<<<<
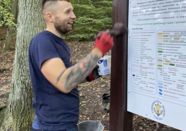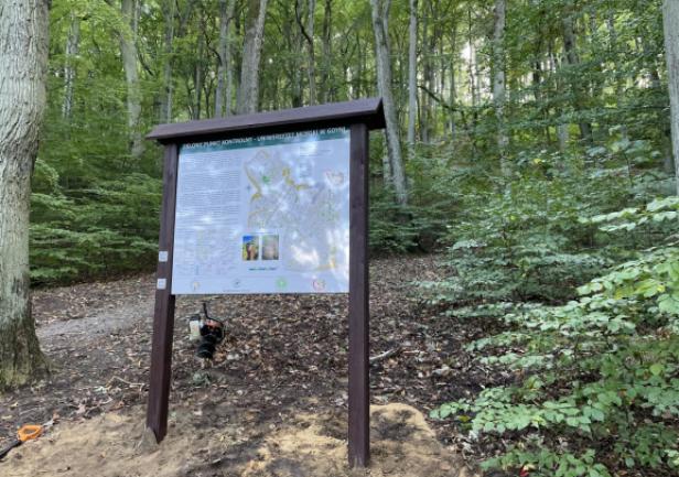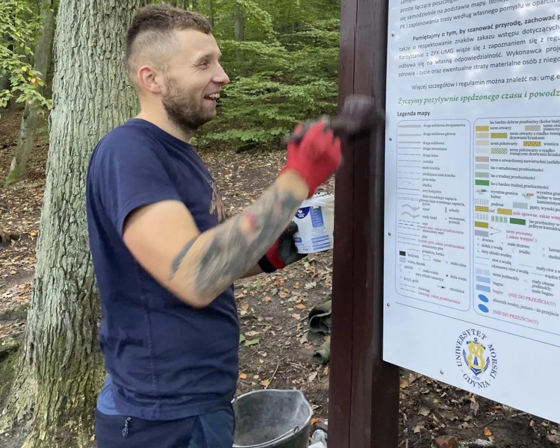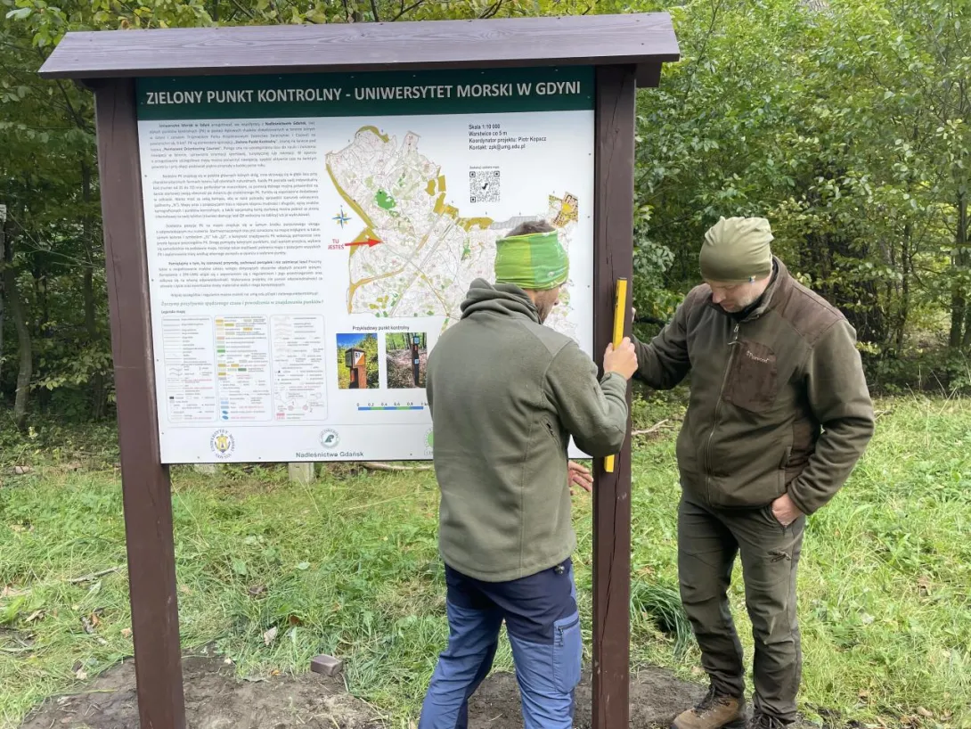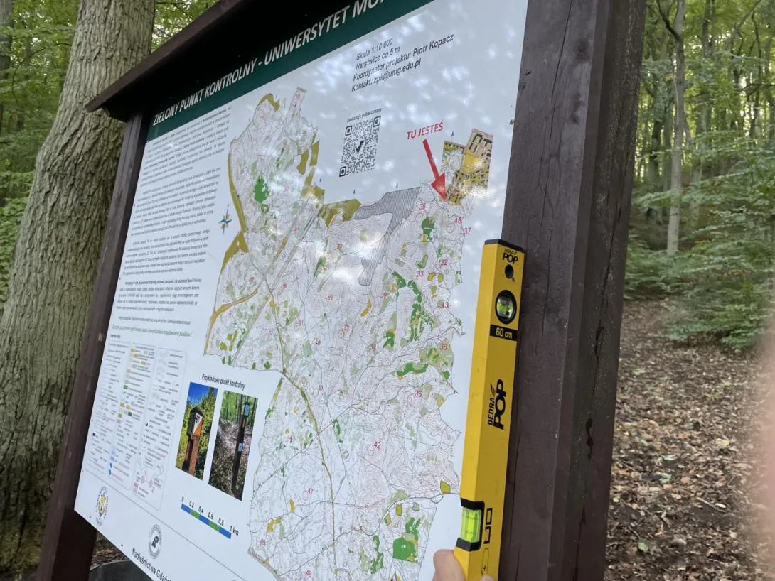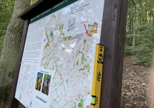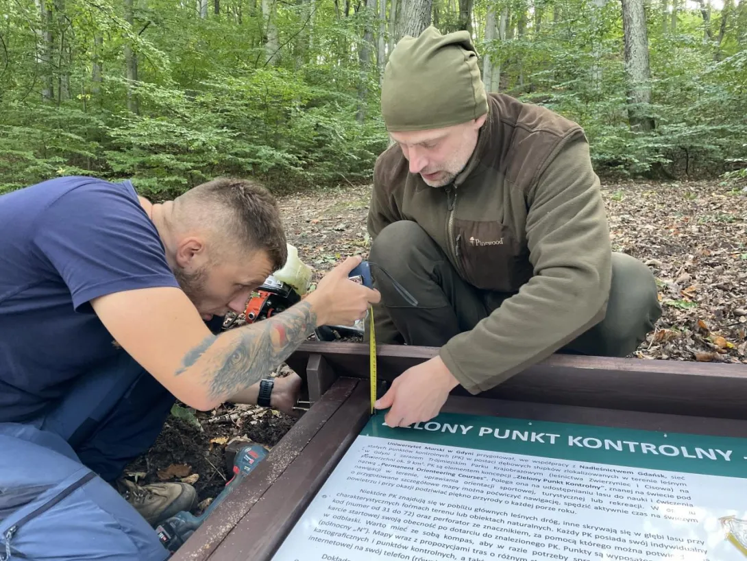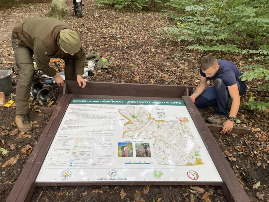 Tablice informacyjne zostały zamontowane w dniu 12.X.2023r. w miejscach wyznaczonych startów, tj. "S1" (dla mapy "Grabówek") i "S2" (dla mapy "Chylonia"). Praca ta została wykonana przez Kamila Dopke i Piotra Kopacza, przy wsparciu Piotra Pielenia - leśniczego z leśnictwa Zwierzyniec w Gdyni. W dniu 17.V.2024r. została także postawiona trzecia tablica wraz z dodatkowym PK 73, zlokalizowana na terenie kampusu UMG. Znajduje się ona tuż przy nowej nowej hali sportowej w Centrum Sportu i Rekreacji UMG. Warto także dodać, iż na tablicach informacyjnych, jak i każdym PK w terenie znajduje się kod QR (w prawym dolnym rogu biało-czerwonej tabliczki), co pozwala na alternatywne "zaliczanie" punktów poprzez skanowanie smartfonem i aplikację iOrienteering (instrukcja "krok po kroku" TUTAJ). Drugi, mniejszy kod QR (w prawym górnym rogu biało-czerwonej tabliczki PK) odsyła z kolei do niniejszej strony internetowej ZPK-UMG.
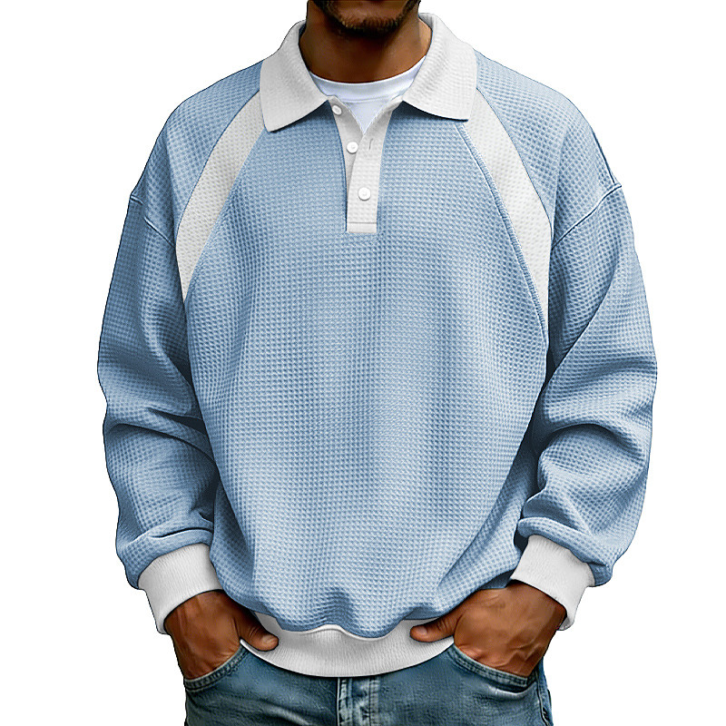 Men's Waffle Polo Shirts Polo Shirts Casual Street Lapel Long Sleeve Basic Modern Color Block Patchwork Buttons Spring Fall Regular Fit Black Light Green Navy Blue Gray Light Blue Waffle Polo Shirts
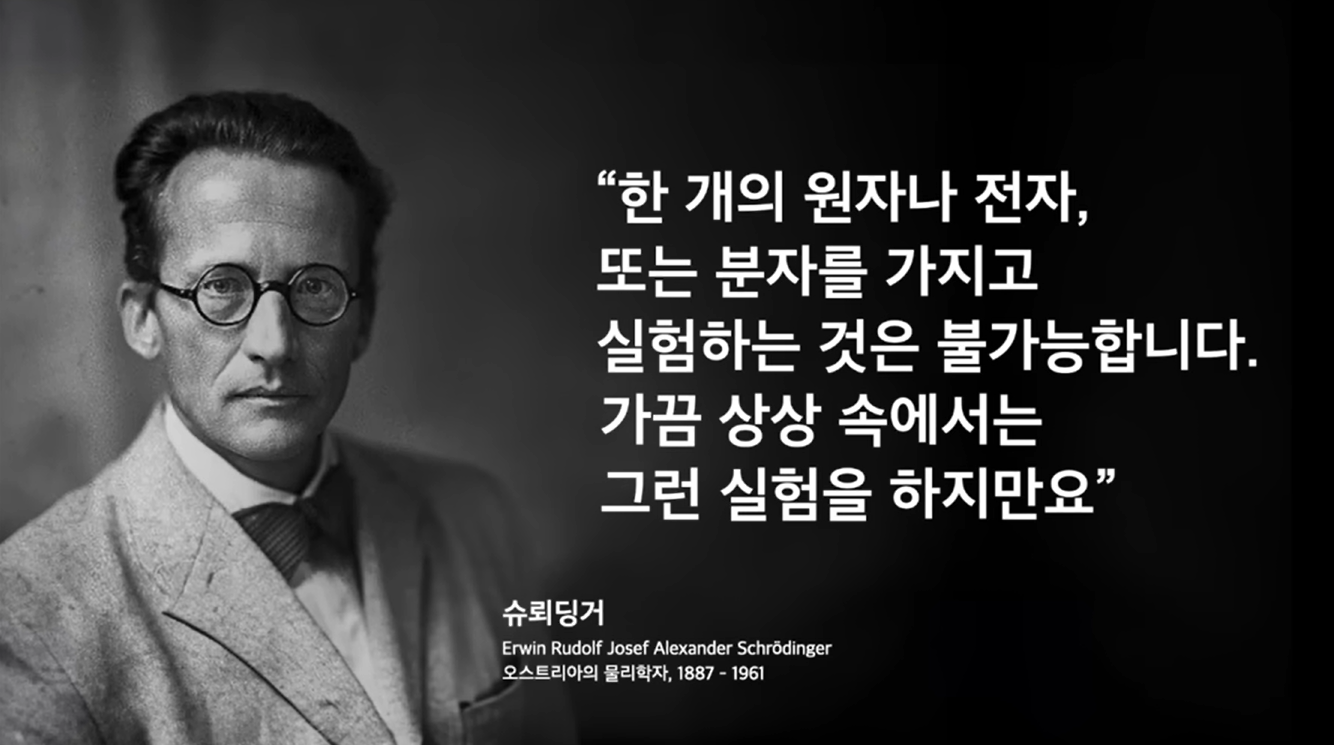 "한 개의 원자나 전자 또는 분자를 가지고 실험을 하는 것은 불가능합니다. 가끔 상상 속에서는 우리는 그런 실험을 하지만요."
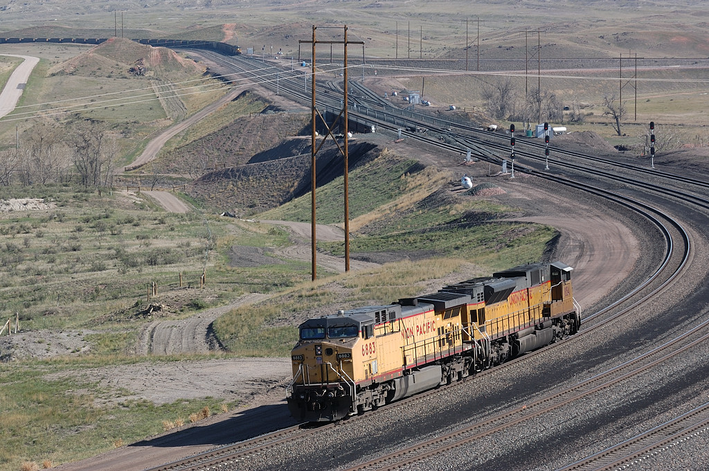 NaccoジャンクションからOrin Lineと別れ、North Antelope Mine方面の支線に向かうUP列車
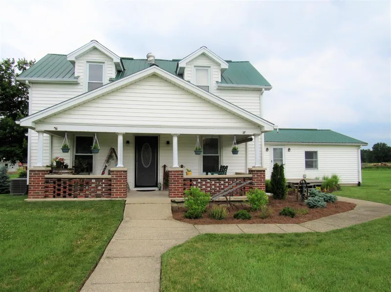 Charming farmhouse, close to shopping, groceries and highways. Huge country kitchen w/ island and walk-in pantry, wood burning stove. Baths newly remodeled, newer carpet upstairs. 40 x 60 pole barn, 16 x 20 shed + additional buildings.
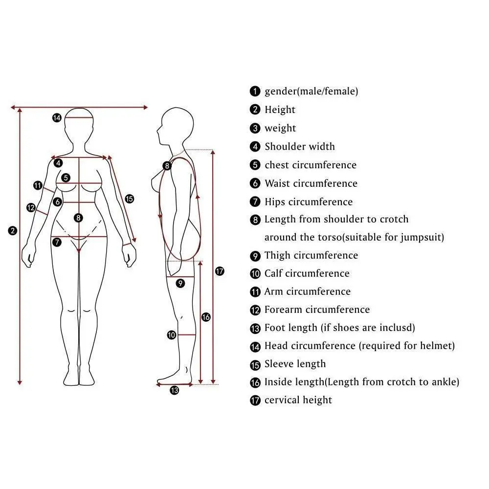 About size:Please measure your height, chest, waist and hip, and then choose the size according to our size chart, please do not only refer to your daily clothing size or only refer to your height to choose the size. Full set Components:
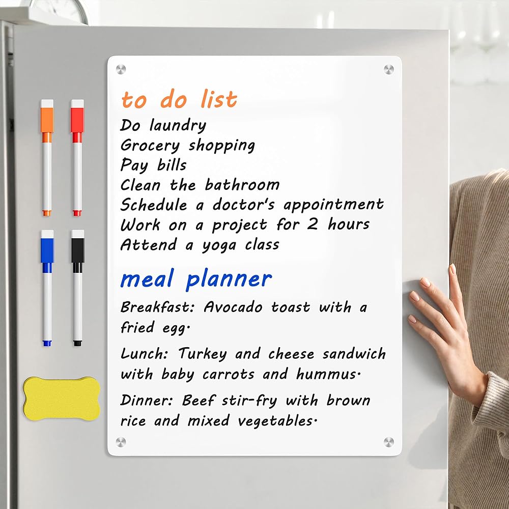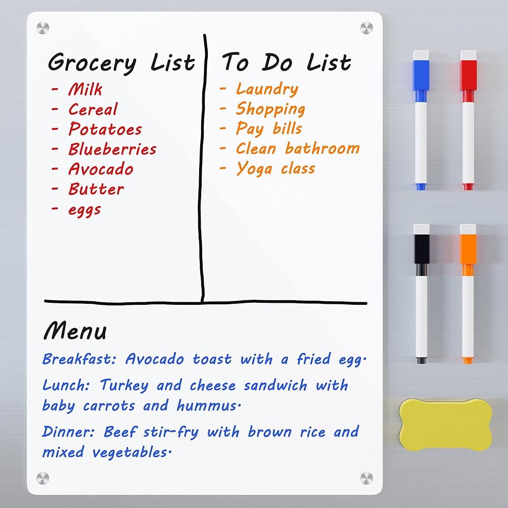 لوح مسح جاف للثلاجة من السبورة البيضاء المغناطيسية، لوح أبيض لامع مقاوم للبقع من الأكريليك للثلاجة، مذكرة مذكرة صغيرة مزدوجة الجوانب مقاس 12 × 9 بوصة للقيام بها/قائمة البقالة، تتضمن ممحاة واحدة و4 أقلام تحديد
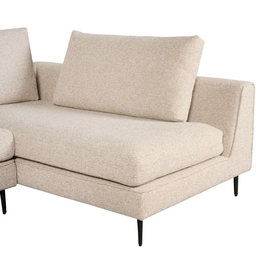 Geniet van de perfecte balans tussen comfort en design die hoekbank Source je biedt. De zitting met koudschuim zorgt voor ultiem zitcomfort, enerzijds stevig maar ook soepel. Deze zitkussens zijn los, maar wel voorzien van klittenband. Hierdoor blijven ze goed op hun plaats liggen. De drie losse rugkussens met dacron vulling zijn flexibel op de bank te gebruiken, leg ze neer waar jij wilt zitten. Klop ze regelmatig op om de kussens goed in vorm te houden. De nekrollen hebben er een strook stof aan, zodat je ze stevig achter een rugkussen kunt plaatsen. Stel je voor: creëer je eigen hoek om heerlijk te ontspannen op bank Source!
>>>>
> **To do**
Using the entries above, reproduce word for word only the lines from the one that contains "분자를 가지고 실험을" to the one that contains "NaccoジャンクションからOrin Lineと別れ、North Antelope", both ends included, and drop every picture.

> **Response to this task**
 "한 개의 원자나 전자 또는 분자를 가지고 실험을 하는 것은 불가능합니다. 가끔 상상 속에서는 우리는 그런 실험을 하지만요."
 NaccoジャンクションからOrin Lineと別れ、North Antelope Mine方面の支線に向かうUP列車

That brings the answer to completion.